We then examined the three aspects of an image that can be easily described:
- Color: Image descriptors that characterize the color of an image seek to model the distribution of the pixel intensities in each channel of the image. These methods include basic color statistics such as mean, standard deviation, and skewness, along with color histograms, both “flat” and multi-dimensional.
- Texture: Texture descriptors seek to model the feel, appearance, and overall tactile quality of an object in an image. Some, but not all, texture descriptors convert the image to grayscale and then compute a Gray-Level Co-occurrence Matrix (GLCM) and compute statistics over this matrix, including contrast, correlation, and entropy, to name a few. More advanced texture descriptors such as Fourier and Wavelet transforms also exist, but still utilize the grayscale image.

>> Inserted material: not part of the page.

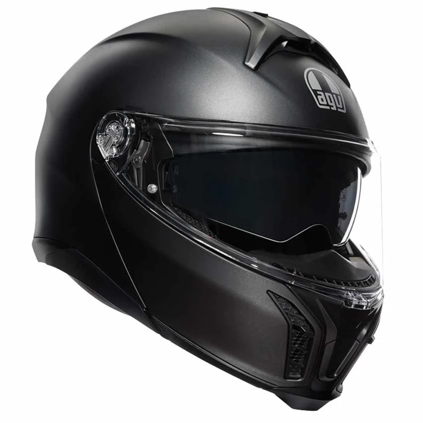The anti-scratch clear visor offers a wide field of view and is supplied with a Pinlock Maxvision lens to prevent fogging of the visor. The visor mechanism offers the possibility to lock the visor in 4 different positions. Furthermore, the Tourmodular is equipped with an integrated sun visor that is easy to operate with a slider on the side of the helmet.

- Shape: Many shape descriptor methods rely on extracting the contour of an object in an image (i.e. the outline). Once we have the outline, we can then compute simple statistics to to characterize the outline, which is exactly what OpenCV’s Hu Moments does. These statistics can be used to represent the shape (outline) of an object in an image.

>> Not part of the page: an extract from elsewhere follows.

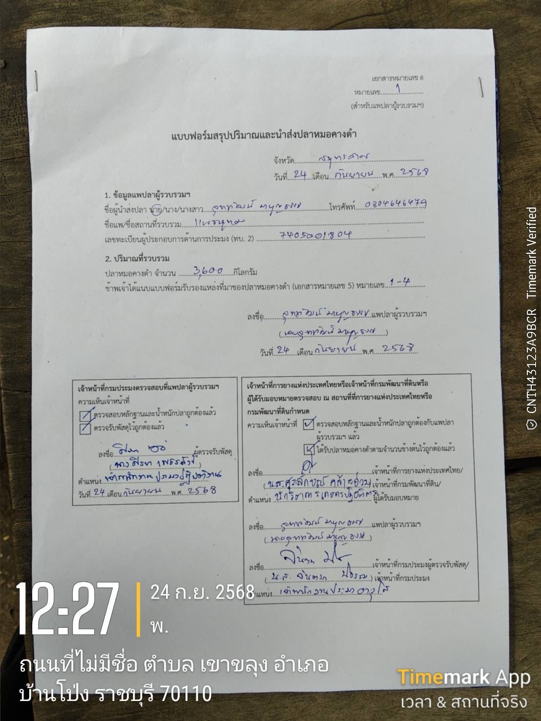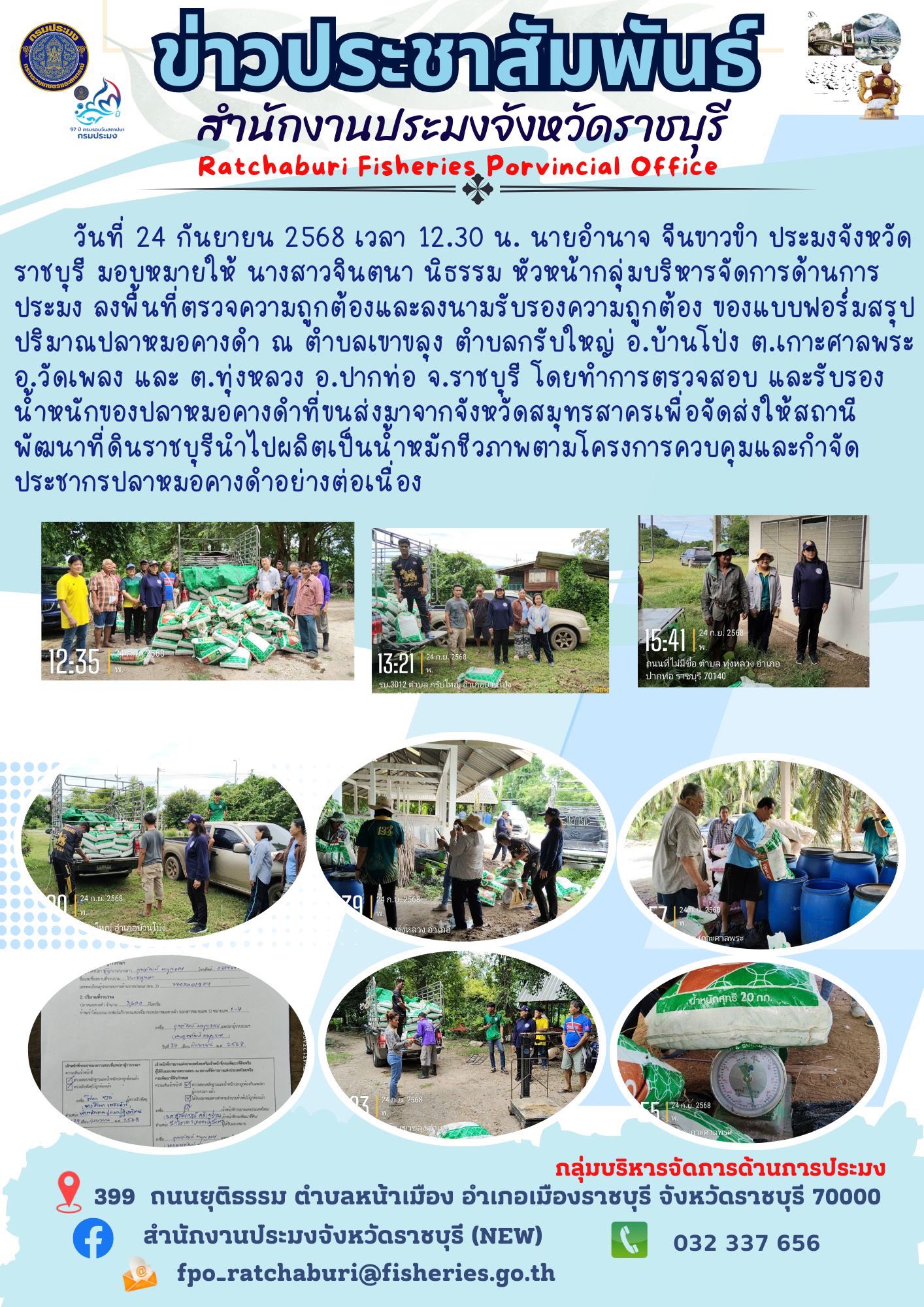 วันที่ 24 กันยายน 2568 เวลา 12.30 น. นายอำนาจ จีนขาวขำ ประมงจังหวัดราชบุรี มอบหมายให้ นางสาวจินตนา นิธรรม หัวหน้ากลุ่มบริหารจัดการด้านการประมง ลงพื้นที่ตรวจความถูกต้องและลงนามรับรองความถูกต้อง ของแบบฟอร์มสรุปปริมาณปลาหมอคางดำ ณ ตำบลเขาขลุง ตำบลกรับใหญ่ อ.บ้านโป่ง ต.เกาะศาลพระ อ.วัดเพลง และ ต.ทุ่งหลวง อ.ปากท่อ จ.ราชบุรี โดยทำการตรวจสอบ และรับรองน้ำหนักของปลาหมอคางดำที่ขนส่งมาจากจังหวัดสมุทรสาครเพื่อจัดส่งให้สถานีพัฒนาที่ดินราชบุรีนำไปผลิตเป็นน้ำหมักชีวภาพตามโครงการควบคุมและกำจัดประชากรปลาหมอคางดำอย่างต่อเนื่อง

Note: If you haven’t already seen my fully working image search engine yet, head on over to my How-To guide on building a simple image search engine using Lord of the Rings screenshots.
When selecting a descriptor to extract features from our dataset, we have to ask ourselves what aspects of the image are we interested in describing? Is the color of an image important? What about the shape? Is the tactile quality (texture) important to returning relevant results?

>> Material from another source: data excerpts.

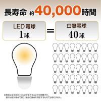 商品の特長 ●調光機能のついた照明器具に使用可能。白熱電球より低消費電力。 ●密閉器具にも使用可能。 ●ワイドに明るく照射する230度の広配光。 ●ライティングバー・ダウンライト・スタンドライトなど幅広い用途で使用可能。 ●設計寿命40000時間の高寿命。明るさ長持ち、交換の手間も省けます。(※1) ●発光面は、誤って落としても割れにくいポリカーボネート(PC)製を採用。 ●瞬時に明るく、繰り返しのオンオフにも強い。オンオフ回数が多い場所でも安心してご使用できます。 (※1)設計寿命は定められた温度設計に基づき計算した設計寿命であり、この寿命を保証するものではありません。
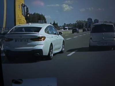 Conduite et comportement extrêmement dangereux : vitesse excessive (+120 km/h au lieu de 90), colle dangereusement les autres voitures, roule au milieu des voies.
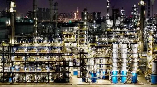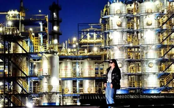 工厂里,高塔耸立,管道蜿蜒,灯光璀璨,场景非常壮观,尽显工业之美。
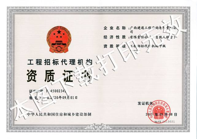 在集团、公司领导的关心、支持以及品牌公司资质申报全体人员的共同努力下,我集团旗下子公司广西建通工程咨询有限责任公司于2015年9月8日成功取得由中华人民共和国住房和城乡建设部颁发的工程招标代理机构甲级资质证书延续。广西建通工程咨询有限责任公司拥有一支技术能力强、专业程度高的招标代理人才队伍,致力于为业主提供优质的招标代理服务,公司的招标业务涉及房建、市政、桥梁、水利、公路等多个领域,囊括土木工程、建筑工程、线路管道和设备安装工程及装饰装修工程的勘察、设计、施工、监理以及与工程建设有关的重要设备、材料采购招标的代理业务,此次工程招标代理甲级资质延续的取得为公司招标代理业务的拓展提供了更广阔的空间,为公司从区域公司转型为全国性公司奠定了坚实的基础。公司将珍惜荣誉,为实现集团全国品牌发展战略保驾护航!
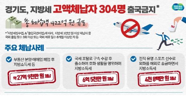 경기도가 지방세 3천만 원 이상 고액 체납자 가운데 해외로 재산을 은닉하거나 도피할 우려가 있는 고질·악성 체납자 304명에 대해 법무부에 출국금지를 요청했다고 16일 밝혔다. 이들의 체납액은 총 422억 원에 이르며 최대 6개월간 해외 출국이 금지된다.
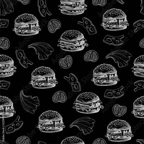 Burger sandwich hand drawn sketch food Restaurant business concept.Vector illustration.
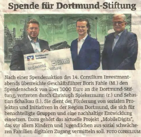 „MobileDigits“ – Menschen aus allen gesellschaftlichen Schichten eine Teilnahme an der digitalen Zukunft zu ermöglichen. Dies ist das Ziel des aktuellen Projekts der Dortmund-Stiftung. Dortmund, den 11.12.2024. Nach einer erfolgreichen Spendenaktion des 14. Consilium...
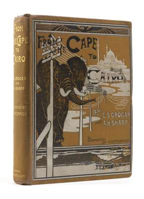 From Cape to Cairo. London: Hurst and Blackett, 1900. First edition, 8vo, presentation copy from the author, signed on front pastedown with a sketch of an elephant by the author, portrait frontispiece, 3 maps [2 folding], illustrated by A.D. McCormick, original decorative cloth gilt, some rubbing, marginal water staining to frontispiece and endpapers, some light spotting
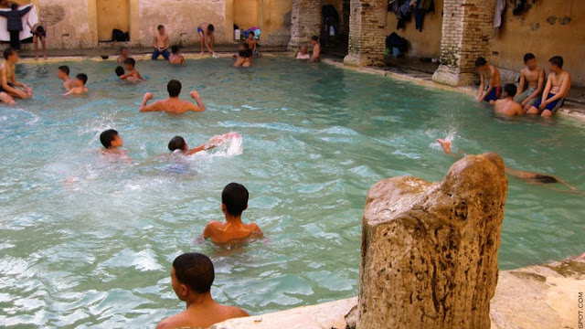 A two thousand year old public bathhouse from the Roman period is still used by locals in the town of Khenchela, Algeria. Most of the bathhouse has been preserved, but the ancientness of the place is still apparent in the architecture.
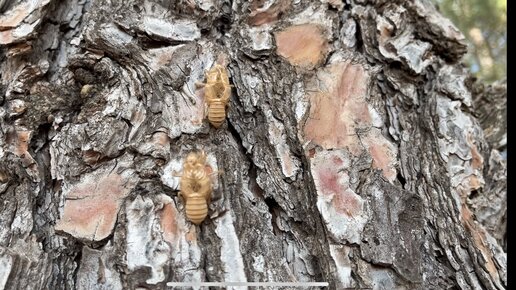 Мертвые жуки на деревьях. Цикады в Турции (нимфы или личинки цикад)
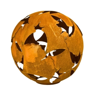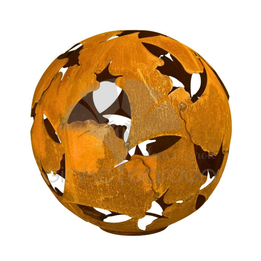 Metalowa kula ogrodowa z liści miłorzębu | naturalna rdza
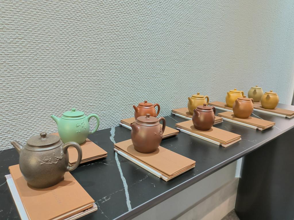 這是江蘇宜興一家工作室展示的部分茶壺作品(5月22日攝)。新華社記者 何磊靜 攝
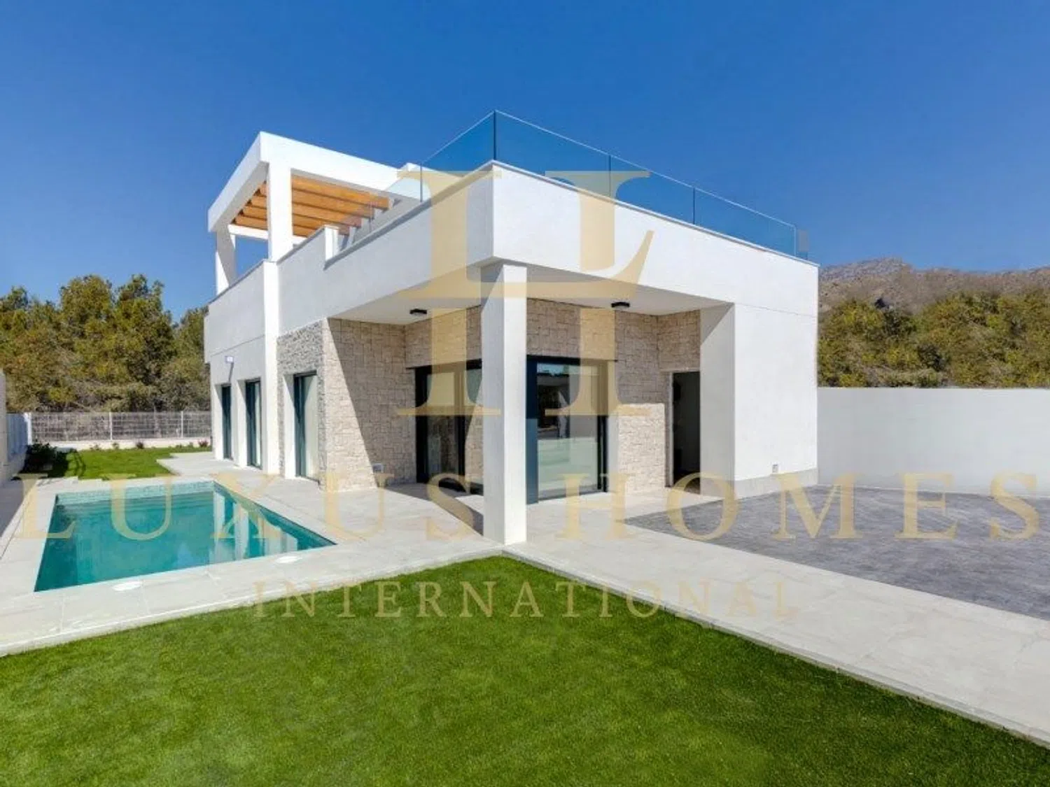 Additionally, these single-level homes provide direct access to the garden and pool area, enhancing the outdoor living experience. Each villa consists of three bedrooms and two bathrooms and boasts a rooftop terrace of over 100 square meters, complete with a kitchen, barbecue, shower, and a chill-out zone offering magnificent views. Every property comes with a beautifully landscaped garden, featuring a private pool, lush grass, and an efficient irrigation system.

Let’s take a look at a sample of the Flowers 17 dataset, a dataset of 17 flower species, for example purposes:
If we wanted to describe these images with the intention of building an image search engine, the first descriptor I would use is color. By characterizing the color of the petals of the flower, our search engine will be able to return flowers of similar color tones.
However, just because our image search engine will return flowers of similar color, does not mean all the results will be relevant. Many flowers can have the same color but be an entirely different species.
In order to ensure more similar species of flowers are returned from our flower search engine, I would then explore describing the shape of the petals of the flower.
Now we have two descriptors — color to characterize the different color tones of the petals, and shape to describe the outline of the petals themselves.
Using these two descriptors in conjunction with one another, we would be able to build a simple image search engine for our flowers dataset.
Of course, we need to know how to index our dataset.
Right now we simply know what descriptors we will use to describe our images.
But how are we going to apply these descriptors to our entire dataset?
In order to answer that question, today we are going to explore the second step of building an image search engine: Indexing Your Dataset.
Indexing Your Dataset
Definition: Indexing is the process of quantifying your dataset by applying an image descriptor to extract features from each and every image in your dataset. Normally, these features are stored on disk for later use.
Using our flowers database example above, our goal is to simply loop over each image in our dataset, extract some features, and store these features on disk.
It’s quite a simple concept in principle, but in reality, it can become very complex, depending on the size and scale of your dataset. For comparison purposes, we would say that the Flowers 17 dataset is small. It has a total of only 1,360 images (17 categories x 80 images per category). By comparison, image search engines such as TinEye have image datasets that number in the billions.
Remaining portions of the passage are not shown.